Thread Subject:

help on vectorizing this

Hello,
I need some help on vectorizing the following loop

for t=1:num_probes
    for i=1:num_ebc
        f(node_ebc(i),t)=prop_ebc(i,t);
        k(node_ebc(i),node_ebc(i))=1;
        for j=1:num_nodes
if node_ebc(i)~=j
                  f(j,t)=f(j,t)-k(j,node_ebc(i))*prop_ebc(i,t);
                  k(node_ebc(i),j)=0;
                  k(j,node_ebc(i))=0;
              end
        end
    end
end

What I am thinking is like this
Rearrange oder so I can avoid the
"if node_ebc(i)~=j"


f=f-k(:,node_ebc).*prop;
f(node_ebc,:)=prop;


k(cm.node_ebc,:)=0;
k(:,cm.node_ebc)=0;
k(sub2ind(size(k),cm.node_ebc,cm.node_ebc))=1;


What do you think?

Marios Karaoulis <marios.karaoulis@gmail.com> wrote in message <d6bed29a-31cb-400b-a836-aed0e490610d@c13g2000vbr.googlegroups.com>...
> What I am thinking is like this
> Rearrange oder so I can avoid the
> "if node_ebc(i)~=j"
>
>
> f=f-k(:,node_ebc).*prop;
> f(node_ebc,:)=prop;
>
>
> k(cm.node_ebc,:)=0;
> k(:,cm.node_ebc)=0;
> k(sub2ind(size(k),cm.node_ebc,cm.node_ebc))=1;
>
>
> What do you think?

I think I must add that
f=[num_nodesXnum_probes];
K=[num_nodes,num_nodes];

Marios Karaoulis <marios.karaoulis@gmail.com> wrote in message <73f25889-8b76-4aa7-abfe-a6bb1923b88e@t11g2000vbc.googlegroups.com>...
> Hello,
> I need some help on vectorizing the following loop
>
> for t=1:num_probes
> for i=1:num_ebc
> f(node_ebc(i),t)=prop_ebc(i,t);
> k(node_ebc(i),node_ebc(i))=1;
> for j=1:num_nodes
> if node_ebc(i)~=j
> f(j,t)=f(j,t)-k(j,node_ebc(i))*prop_ebc(i,t);
> k(node_ebc(i),j)=0;
> k(j,node_ebc(i))=0;
> end
> end
> end
> end
>

Let me try and explain what I see, to insure it's correct:
You have a number of probes you're going to loop over. From all of these probes you are generating to matrices f,k which are dependent on none_ebc. You want the resulting f,k to be a 2-dimensional matrix of some size generated by the inner computation from all positions of all probes?
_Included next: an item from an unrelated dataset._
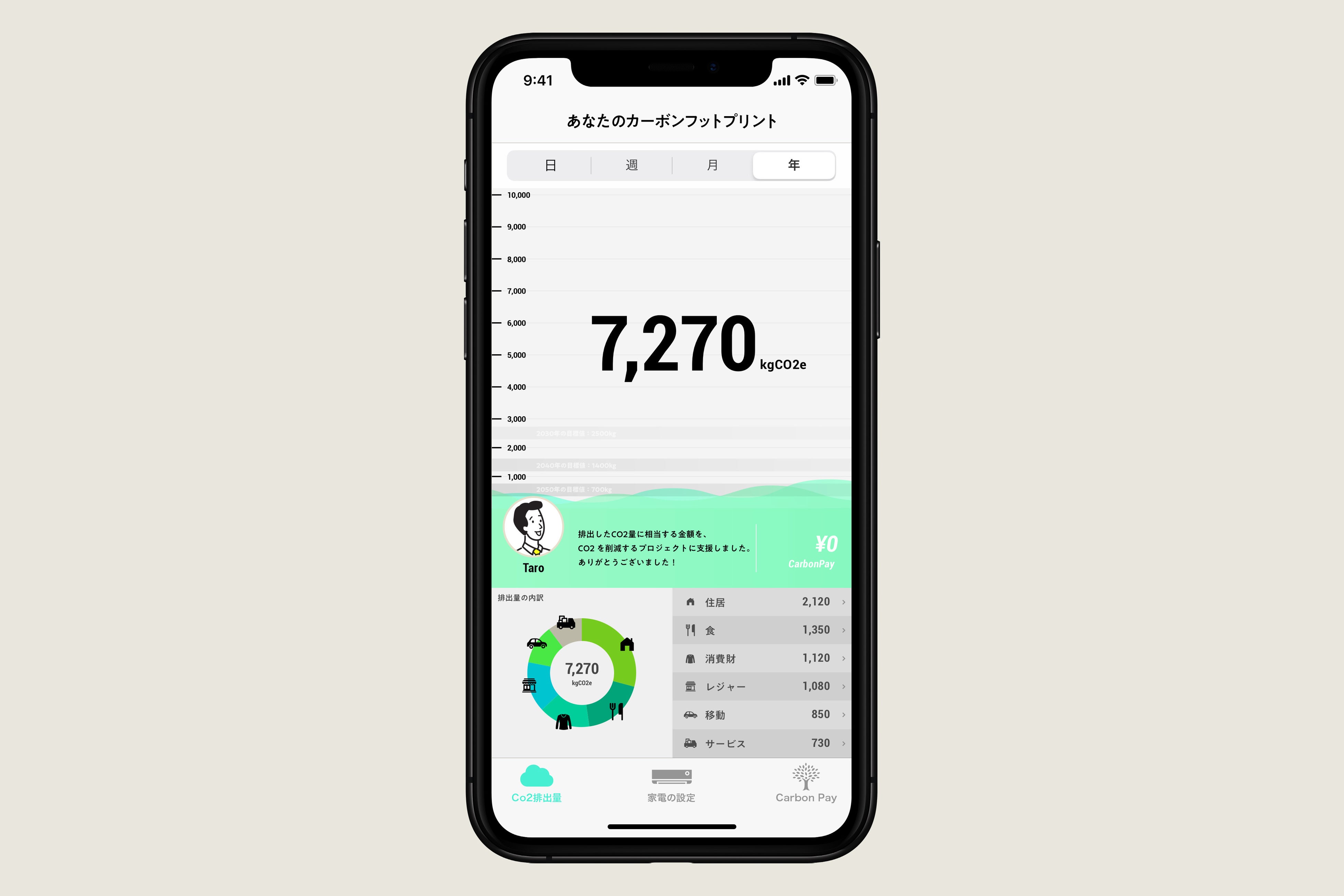 見慣れた家電に、新しい単位がある生活。そして、それをカーボンペイする生活を実感ください。

Once again I think this would be easiest if we had some type of sample data or at least sizes to play with.

Anyway:
Since the k matrix isn't preallocated it's being filled with zeros as you increment. I would recommend preallocating it with zeros, and then just adding ones where you have to. Since it appears the ones are all on the diagonal this would be very easy and I think you came close with your try in the second post:
k = zeros(the_final_k_size);
k(sub2ind(size(k),node_ebc,node_ebc))=1;

As for f:
It's doable with a call to meshgrid()

Thanks (again!) for your reply. After some thinking this is what I did
so far. Although I do not write it in the forum, all of my matrices
are pre-allocated
M=num_nodes % like 20000;
N=num_probes; % 200
K=num_ebc; % 2000

k=zeros(M,M);
f=zeros(M,N);
prop_ebc=zeros(K,N);
node_ebc=zeros(K,1); %This is matrix that has the index on which
nodes I need to do some math.
...... %rest of code where k, node_ebc, prop_ebc are no longer zeros


for t=1:N
    for i=1:K
        f(:,t)=f(:,t)-k(:,node_ebc(i)).*prop_ebc(i,t);
    end
end


f(node_ebc,:)=prop_ebc;
k(node_ebc,:)=0;
k(:,node_ebc)=0;
k(sub2ind(size(k),node_ebc,node_ebc))=1;


The only loop I have now, is very time-consuming.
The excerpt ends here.